The copy must match the data below line for line and contain no images.

::: DATA SHOWN :::

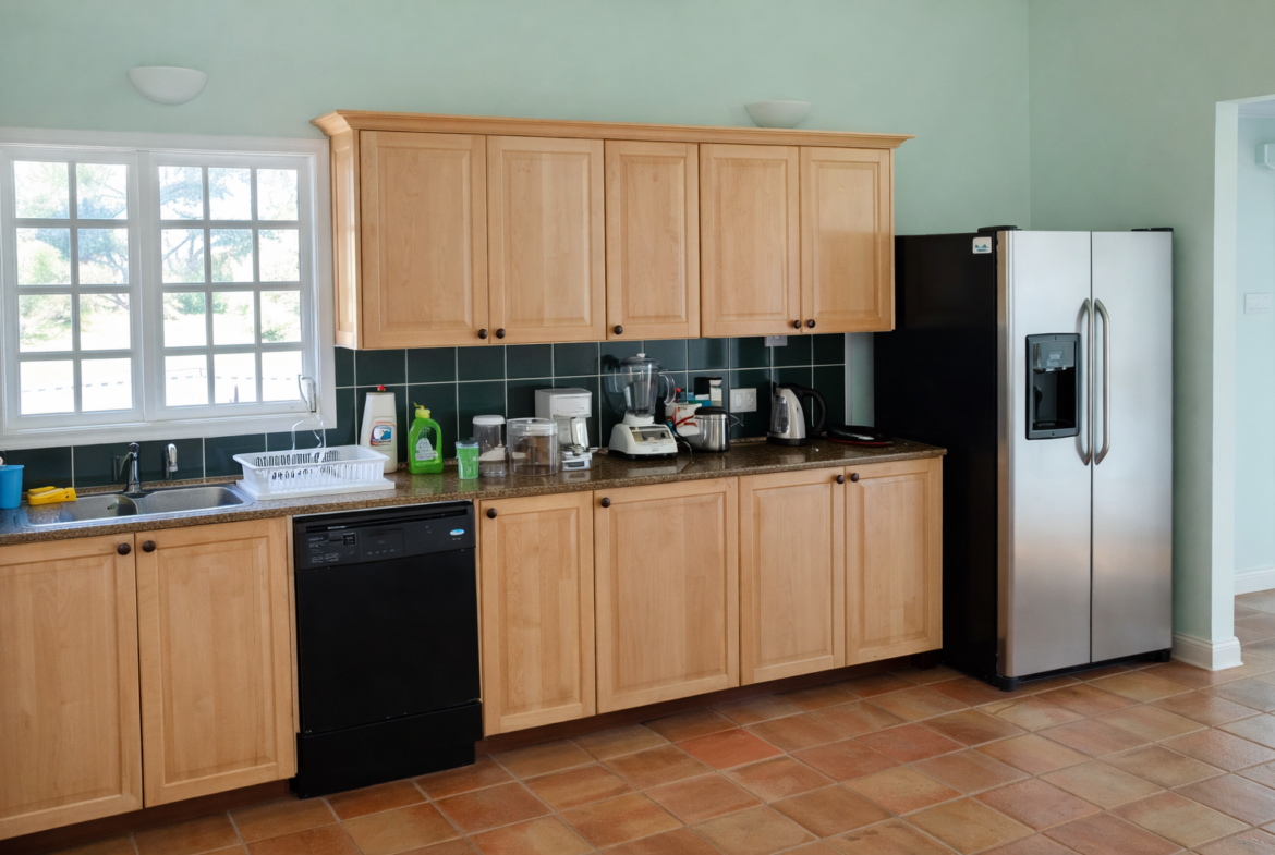 - Modern appliances, including a gas stove, fridge freezer with ice making, dishwasher, microwave, blender, coffee machine, toaster, etc.
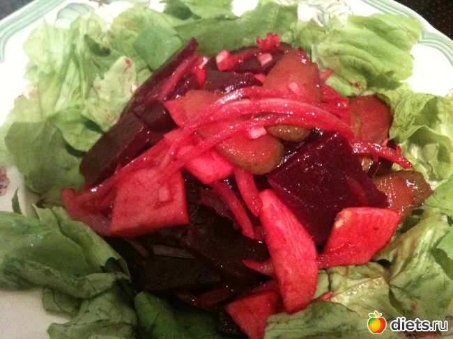 Вчера вечером на местном телеканале в передаче "Идеальный ужин" увидела интересный рецепт салата из свеклы с грушей, сегодня приготовила на обед - мне понравилось. Возможно понравится и вам. В оригинальном варианте калорийность получается 132ккал на 100г, для снижения калорийности можно оливковое масло заменить йогуртовой заправкой, тогда получается всего 100ккал.
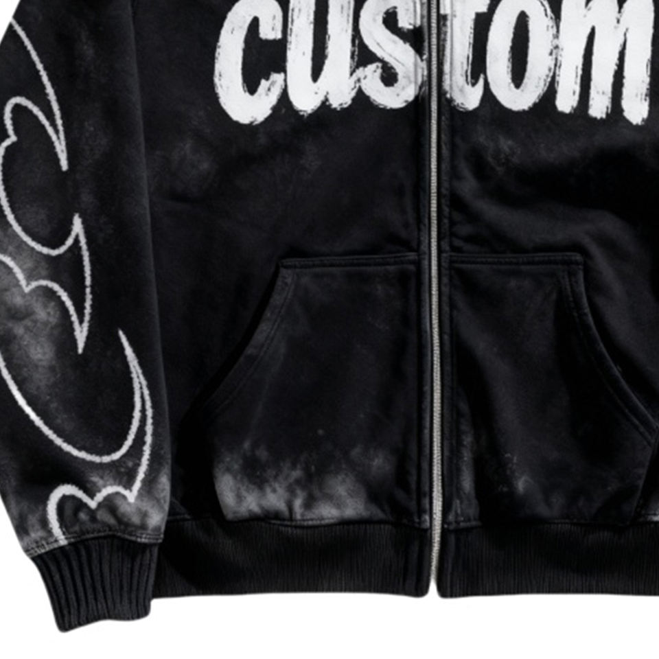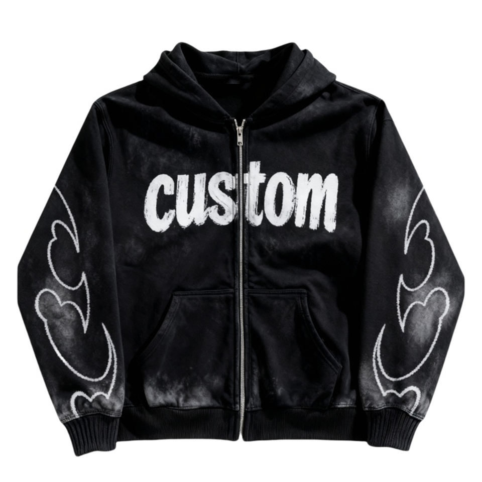Sweat-shirt à capuche zippé en molleton avec logo personnalisé, style streetwear Y2K, effet délavé, coupe oversize unisexe, veste graphique vintage

:::

SOLVED PROBLEM |
 - Modern appliances, including a gas stove, fridge freezer with ice making, dishwasher, microwave, blender, coffee machine, toaster, etc.
 Вчера вечером на местном телеканале в передаче "Идеальный ужин" увидела интересный рецепт салата из свеклы с грушей, сегодня приготовила на обед - мне понравилось. Возможно понравится и вам. В оригинальном варианте калорийность получается 132ккал на 100г, для снижения калорийности можно оливковое масло заменить йогуртовой заправкой, тогда получается всего 100ккал.
Sweat-shirt à capuche zippé en molleton avec logo personnalisé, style streetwear Y2K, effet délavé, coupe oversize unisexe, veste graphique vintage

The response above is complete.